Scenario

Slip Claim Claimant Pendulum Testing

Pursuing a UK slip-and-trip claim requires evidence that the floor was below an acceptable standard at the material time of the accident. Independent UKAS-accredited pendulum testing produces that evidence to a standard that withstands defendant challenge — provided the testing is carried out on the right surface, in the right conditions, and reported in compliance with the Civil Procedure Rules.

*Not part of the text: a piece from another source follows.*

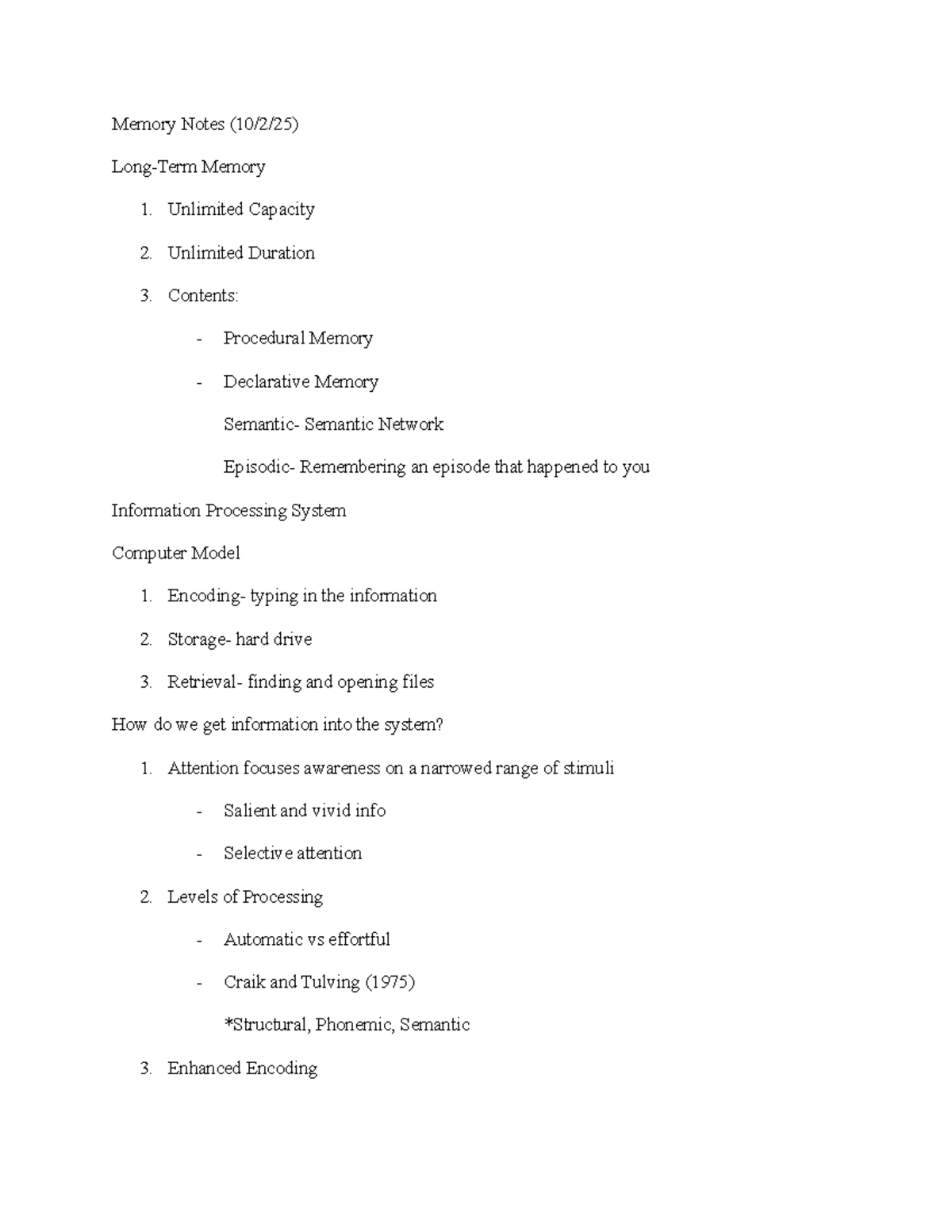 Memory Notes - Unit 2: Understanding Memory Processes and Retrieval ...

The claimant's evidential task

The claimant must usually establish (in summary): that the floor was below an acceptable slip-resistance standard at the time of the accident; that this caused or materially contributed to the slip; and that the duty-holder failed to take reasonably practicable steps to manage the risk. Pendulum data addresses the first element directly.

Timing and access

Pendulum testing for a claimant is more constrained than for a defendant because access to the property is rarely automatic. Common scenarios:

  • Public-realm slip (highway, public footpath, public building) — access is straightforward; testing can be arranged directly
  • Retail or hospitality slip — access may require the defendant's cooperation or, in some cases, a court order for inspection
  • Workplace slip — access typically through the employer or, if relations have broken down, via formal disclosure

Evidential strength of claimant pendulum data

Properly conducted pendulum testing on the actual surface where the accident occurred is among the strongest forms of slip-claim evidence. The defendant's expert will scrutinise:

  • Whether the test location precisely matches the claimed accident location
  • Whether the surface has been altered since the accident
  • Whether the contamination conditions were comparable
  • Whether the slider type and methodology were appropriate to the surface and use

Pre-empting these challenges in the methodology and the report is the difference between robust evidence and evidence that folds under cross-examination.

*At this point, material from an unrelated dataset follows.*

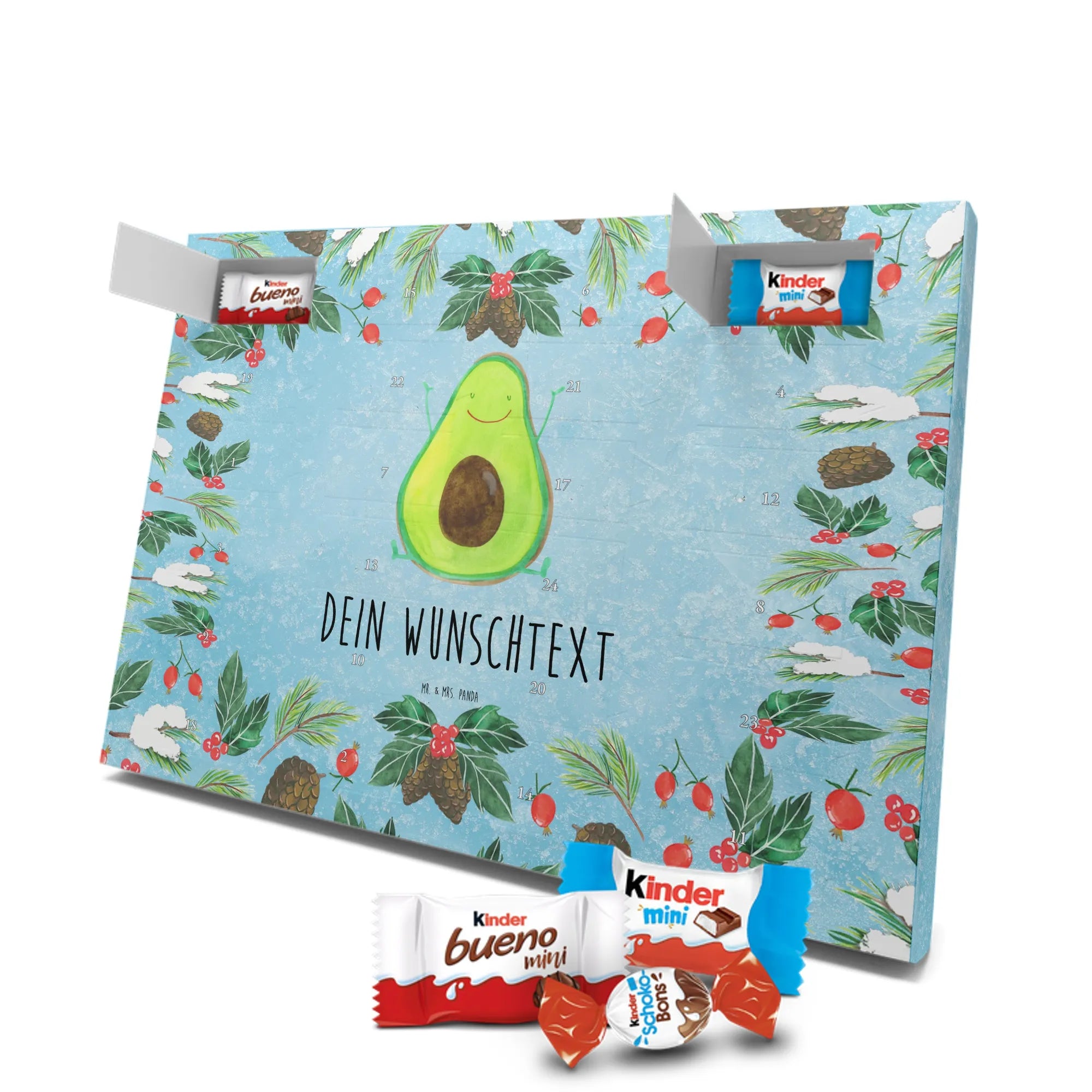 Wunderschöner Personalisierter Schoko Adventskalender von Mr. & Mrs. Panda – perfekt, um die Vorweihnachtszeit besonders persönlich zu gestalten. Unser liebevoll gestalteter Adventskalender ist bedruckt mit wunderschönen Motiven & Sprüchen von Mr. & Mrs. Panda und lässt sich mit deinem Wunschnamen oder Wunschtext personalisieren. Die brillante Druckqualität mit seidenmatter Oberflächenveredelung sorgt für einen edlen Look, und auch die Seitenflächen sind bedruckt, sodass der Kalender von allen Seiten ein Hingucker ist. Du kannst ihn sowohl aufgehängt als auch aufgestellt verwenden, je nachdem, wie es bei dir am besten passt. Maße: 355 mm x 245 mm x 11 mm – kompakt genug, um überall Platz zu finden, und groß genug für eine schöne Überraschung hinter jedem Türchen. Besonderheit: kann aufgehängt oder aufgestellt werden, ideal für Tisch, Regal oder Wand. Gefüllt mit kinder® Schokolade: Adventskalender gefüllt mit kinder® Schokolade; Inhalt: kinder® Schoko-Bons, kinder® Bueno mini und kinder® Schokolade mini. Ein toller persönlicher Adventsteller für Freunde, Familie oder dich selbst – zaubere jeden Tag ein Lächeln ins Gesicht mit süßen Highlights und einem liebevollen Design von Mr. & Mrs. Panda.

Highways Act claims — a different test

Slip claims against highway authorities under Section 41 Highways Act 1980 face a more nuanced test than premises-liability claims. The authority has the Section 58 statutory defence if it can show reasonable maintenance. Pendulum data is helpful but not determinative — the case turns on the maintenance regime as much as the surface condition.

Joint expert and single-expert work

For lower-value claims under CPR 35.7, a single joint expert may be appointed by both parties. Where we accept joint instructions, we deliver to the same UKAS-accredited methodology regardless of which side initiated the instruction. The report is for the court.